Source: Dawn, 06 Jun, 2010
Here’s a question: How come whenever there’s a drone attack (in which most of those killed generally are extremists), or a case of perceived obscenity or blasphemy surfaces, street corners are at once filled with burqa-clad women and bearded men chanting slogans like ‘Death to infidels’? But none of these fine, sensitive Muslims can be seen protesting when there’s an attack on innocent civilians —Ahmadis or others — by the extremists?
Where do they vanish? Isn’t the gruesome and inhuman exhibition of violence and coercion so gleefully demonstrated by monsters like the Taliban and their twisted sectarian allies akin to a moral sin and misdeed far graver than what my loud burqa-clad sisters and bearded brothers are always agitating against? Of course it is.
But it seems in these protesters’ book of social, political and moral ills, the word terrorism cannot be ascribed to savages who in the name of Allah and Islam slaughter men, women and children, as if trying to construct a bloody ladder to the promised paradise from all the bodies and limbs that their attacks leave behind. Religious parties in Pakistan that claim to uphold Muslim aspirations and interests, along with the many cranks that we have to suffer on our TV screens, have hardly shied away from the irresponsible act of condoning barbarism. They do so by at once ascribing a terrorist attack on innocent civilians to the diabolic conspiracies being hatched against the holy republic of ours by ‘foreign hands’ and ‘anti-Islam forces’.
With their instant apologies for the extremists these parties and men have allowed their moral state of being to plunge and hit the same dark ideological abyss where lie boiling the extremists’ mind-set and delusions. But are religious parties the only ones indulging in such shameless demagoguery?
Many Pakistanis routinely continue to deny the fact that the monsters behind all ‘faithful’ barbarism cutting this country into bits are the mutant products of what our own state and society have been up to in the past 30 years or so. For years a convoluted narrative has been circulated by the state, the clerics, schools and now the electronic media: Pakistan was made in the name of Islam (read, a theocratic state).
Thus, only Muslims (mainly orthodox Sunnis, shall we say?) have the right to rule, run and benefit from this country. ‘Minority’ religions and ‘heretical’ sects living as Pakistani citizens are not to be trusted. They need to be constitutionally, socially and culturally isolated. Parliamentary democracy can’t be trusted either. It unleashes ethnic forces, ‘corruption’ and undermines the role of the military and that of Islam in the state’s make-up. It threatens the ‘unity’ of the country — a unity based on an unrealistically homogeneous understanding of Islam (mainly concocted by the state and its right-wing allies). Most of our political, economic and social ills are due to the diabolical conspiracies hatched by our many enemies (especially India, Israel and the West).
The bad news is that such beliefs are symptomatic of a society that has started to respond enthusiastically to the major symptoms of fascist thought. Symptoms such as a xenophobic exhibition of nationalism; disdain for recognition of human rights; identification of enemies/scapegoats as a unifying cause; supremacy of the military (might); obsession with national security; intertwining of religion and government; disdain for intellectual thought and the arts, and an obsession with crime and punishment.
Have not many Pakistanis willingly allowed themselves to be captured in all the macho and paranoid trappings of the mentioned symptoms? Does this not point at a country ripening and readying itself for an all-round fascist scenario?
Unfortunately, this is the scenario that some among us talk about as they speak of imposing the system of the righteous caliphs or the sharia, or whatever profound buzzwords adopted to explain Pakistan’s march towards a wonderful society of equality and justice. Such thoughts mean little. They only amount to a fantasised system either based on ancient musings of tribal societies or on glorified myths of bravado.
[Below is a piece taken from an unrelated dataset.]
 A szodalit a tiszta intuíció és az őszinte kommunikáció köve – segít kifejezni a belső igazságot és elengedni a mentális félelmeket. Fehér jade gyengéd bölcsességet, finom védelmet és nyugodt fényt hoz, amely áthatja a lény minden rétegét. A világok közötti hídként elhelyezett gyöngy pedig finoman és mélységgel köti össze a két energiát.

Not for a moment are we ready to stand back and look at what we have made of ourselves. We call ourselves ‘moderate Muslims’, and yet applaud or quietly tolerate the hate-spewing claptrap that pours out from our mosques and TV screens. We cheer about the fact that Pakistan is one of the very few democratic Muslim countries with a constitution, and yet we will not speak a word about clauses and sections in the same constitution that have triggered violence and repression against women and sanctioned a religious apartheid that only allows an orthodox, pious Muslim democratic rights to rule the country or run in an election.
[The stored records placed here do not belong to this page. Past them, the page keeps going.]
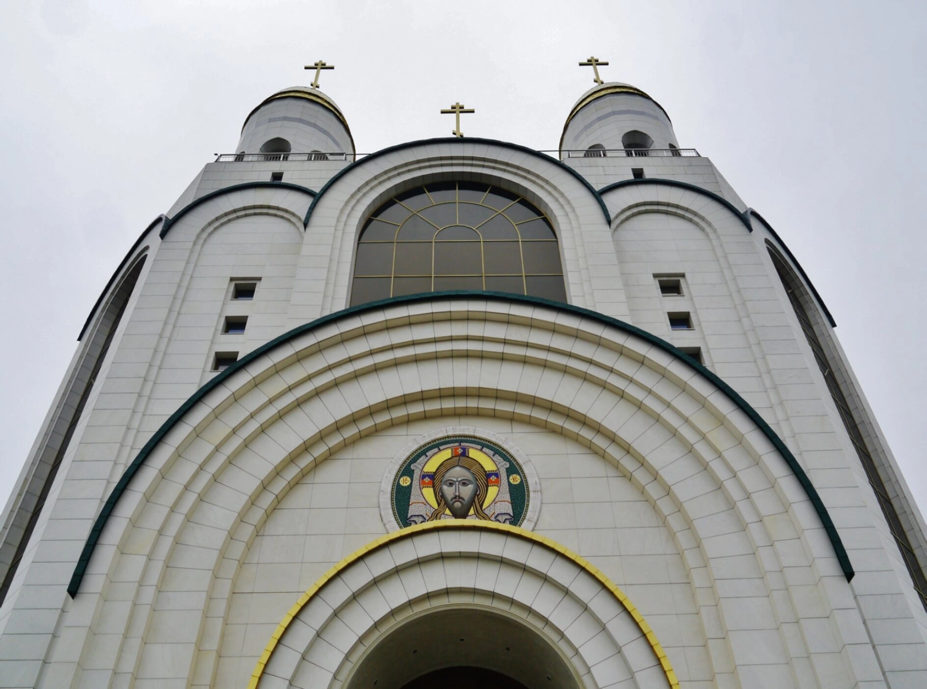 На представленной фотографии запечатлён величественный фасад Кафедрального собора во имя Христа Спасителя — главного православного храма Калининграда. Снимок выполнен снизу вверх, что позволяет в полной мере оценить монументальность и духовную мощь этого святого места, возведённого на площади Победы.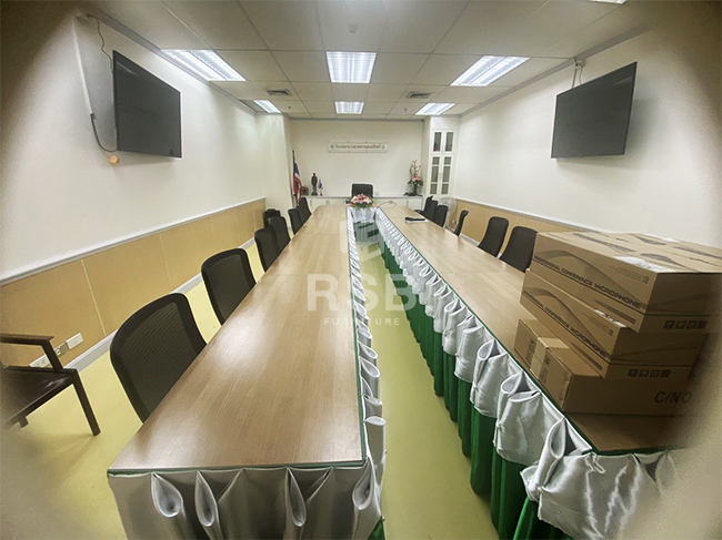 ภาพถ่ายจากหน้างานเป็นโซนห้องประชุมของบริษัทลูกค้าค่ะ ลูกค้าได้สั่งซื้อเก้าอี้ทำงาน รหัส 4455 ไปใช้นั่งการนั่งประชุมค่ะ รุ่นนี้ตอบโจทย์ลูกค้า เพราะมีราคาที่ไม่เกินงบประมาณของลูกค้า และเบาะนั่งพนักพิงกว้าง นั่งสบายมากค่ะ ส่วนโต๊ะประชุมเลือกใช้เป็นโต๊ะประชุมตัวต่อ ขาเหล็กปั้มเงาค่ะ รหัสสินค้า 3109 ได้เลือกหน้าท๊อปเป็นเมลามีนสีคาปูและขาปั้มเงาสีขาวค่ะ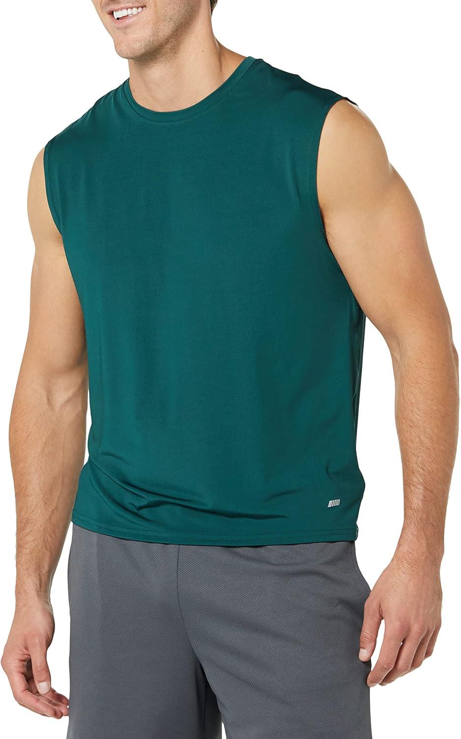 Amazon Essentials Men’s Active Tech Stretch Workout Tank Baselayer(Dark Green)

For how long will we keep hiding behind a fragile mask of religiosity and patriotism, a mask that covers our faces every time we confront a situation where our views and actions (especially regarding faith) are questioned? We do not debate. We react and then huddle up behind our flimsy and lopsided historical and national narratives about what being a Pakistani and Muslim is all about, cursing the world for our ills, looking out for infidels and heretics among us, or for scapegoats in the shape of media-constructed punching bags.